# Check shape
TL;DR: This tool helps prevent bugs by checking shapes in-line, and making code more readable.
## Shape errors
A surprising amount of time in machine learning is spent on squashing shape-related bugs. There's two kinds of bugs:
* **Runtime shape errors**: These are annoying and can take up quite a bit of debugging time, but are not nearly as dangerous as broadcasting bugs.
* **Unindended broadcasting bugs**: These can be silent unexpected behaviours, which happen due to the broadcasting behaviour of the library in use.
I've found that one thing which goes a long way to prevent/solve this issues is putting shapes in the docstrings or with in-line comments, such as
```
def foo(bar1, bar2):
"""
Does foo on bar1 and bar2.
Arguments:
bar1 : np.array, shape (B, D, 2)
bar2 : np.array, shape (B, 5, D)
"""
# Do an einsum, blip shape (B, 2, 5)
blip = np.einsum('bdi, bjd -> bij', bar1, bar2)
```
Putting these shapes in is useful because it reduces the mental workload of remembering them, and improves readability. But **commented shapes are never enforced and could become stale**. When you read these docstrings/comments, you might **assume they are enforced**, when in fact they are not, causing unexpected broadcasting and weird errors. One way to enforce this is to use assertions, such as
```
def foo(bar1, bar2):
"""
Does foo on bar1 and bar2.
Arguments:
bar1 : np.array, shape (B, D, 2)
bar2 : np.array, shape (B, 5, D)
"""
# Check that bar1 and bar2 are correctly shaped
assert bar1.shape[0] == bar2.shape[0]
assert bar1.shape[1] == bar2.shape[2]
# Optionally, could also check the other dimensions
assert bar1.shape[2] == 2 and bar2.shape[1] == 5
# Do an einsum, blip shape (B, 2, 5)
blip = np.einsum('bdi, bjd -> bij', bar1, bar2)
```
This does the job.
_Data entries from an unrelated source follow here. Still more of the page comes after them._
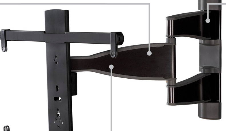
unwanted TV movement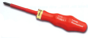
Super grip Code 1183---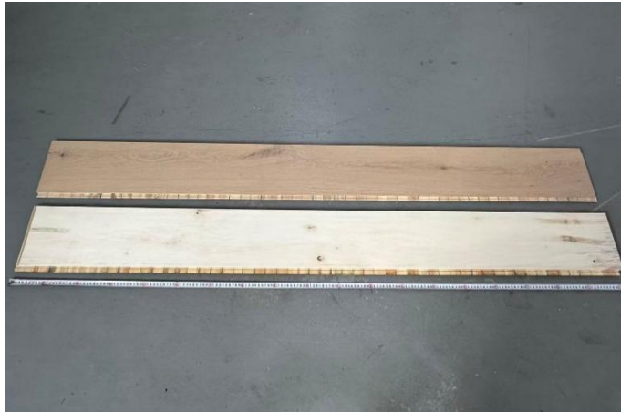
Front view & Back view

It enforces the assumed shapes, and reduces the chance of a broadcasting error. But it can become very wordy and quite ugly when you start making more elaborate assertions, and can incur a mental load when reading code. Here's how to do the same thing with check_shape
```
def foo(bar1, bar2):
"""
Does foo on bar1 and bar2.
Arguments:
bar1 : np.array, shape (B, D, 2)
bar2 : np.array, shape (B, 5, D)
"""
# Check shapes are compatible
check_shape([bar1, bar2], [('B', 'D', 2), ('B', 5, 'D')])
# Do an einsum, blip shape (B, 2, 5)
blip = np.einsum('bdi, bjd -> bij', bar1, bar2)
```
Which (in my opinion) is more readable. The `check_shape` will raise a `ShapeError` whenever the arrays don't match the shapes given. Now you have a line of code which is both a shape-checking assertion, and also an inline comment -- which won't go stale!